Just after his daughter, Cynthia, was born, Steve
and Viv moved to their own home, about five miles away. One day,
several months after the incident, Steve returned home to help his
dad move some things and decided to go up on the hill again. He was
surprised to find the two interlocking circles still plainly visible
in the weeds. That night, Steve went to sleep, feeling perfectly
fine, and woke up the next day in hospital with a temperature of 106
degrees F. For the next year, he would be sick and endure a battery
of tests, but nobody could find anything wrong with him, beyond his
blood having some unknown abnormalities and that he should not give
blood. At one point, it was suggested that he had cancer. He still
has occasional liver problems, but has come to the conclusion that,
seeing as he has lived for over thirty years with this, it is not
going to kill him now!
Their dad, who was a strong, fit man, passed a
physical with flying colours over a year after the incident. During
a company softball game at a picnic, he hit the ball, ran to first
base, had a heart attack and died. This was about eighteen months
after that night.
As to the missing time, the family say that they are
willing to undergo hypnotic regression in an effort to discover what
happened in this stolen four hours. Brian Vike is attempting to find
a reputable hypnotherapist that will be able to help these
completely ordinary people find out what really happened that night.

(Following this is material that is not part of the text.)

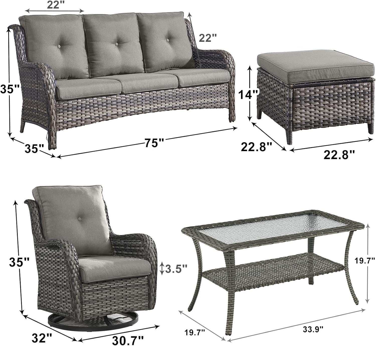 Outdoor Wicker Patio Furniture Set - 6 Piece Rattan Patio Conversation Set with 2 Rocking Swivel Chairs,2 Ottomans,1 Sofa and 1 Coffee Table for Porch Deck Backyard Garden(Mixed Grey/Grey)
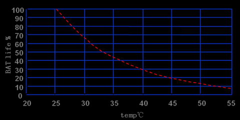 圖2溫度對蓄電池運(yùn)行壽命的影響

This case is absolutely fascinating and must be one
of the most intriguing stories of the last few years. What were
those fireballs? What was screaming out there in the dead of night?
Why did everything go deathly quiet and why did the neighbours
seemingly not hear anything, despite the shrieking being only feet
away? Were the health problems experienced by the family and their
pets afterwards connected with what they witnessed?